The others were waiting in the rose garden, and Janice’s spiel of information broke off sharply. “Is she all right?” Janice asked.

“We’re just going to rest here a bit,” Tom said. “You all go ahead.”

I sank to a bench and leaned my head heavily into my hand.

“I can call the nurse,” Janice said.

“No,” I mumbled.

“It’s okay. She gets a little nauseous sometimes,” Tom said. “We’re fine, really.”

Dimly, I heard them discussing me, but I couldn’t say anything more. My headache was crushing my brain into pulp. One instant it was so bad I thought I was imploding, and the next instant, just as suddenly, the pain vanished, like a vice breaking apart into atoms.

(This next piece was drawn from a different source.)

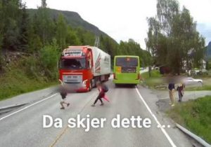 Les images datent du 19 juin dernier dans le petit village norvégien de Gol. Mais c’est seulement aujourd’hui qu’elles ont été diffusées, filmées par la dashcam d’un chauffeur de

Cautiously, I tilted my face back so the sunlight fell on my cheeks. Merciful tingles of pleasure danced down my skin like warm streams of water, and the world returned to focus.

“See? She’s already better,” Tom said.

“I guess,” Janice said uneasily. She pointed to the nearest building. “There’s a bathroom in the dean’s tower if you need it.”

“Thanks,” Tom said. “We’re all good. And thanks for the tour.”

Janice gave us one last look, and then she continued with the others, veering off toward the studio art building.

“What was that about?” Tom said quietly. He sat beside me, and his eyes were lit with concern.

My baby kicked inside me, and I shifted slowly on the bench. “Just some weird spiking headache,” I said. “It’s gone completely.”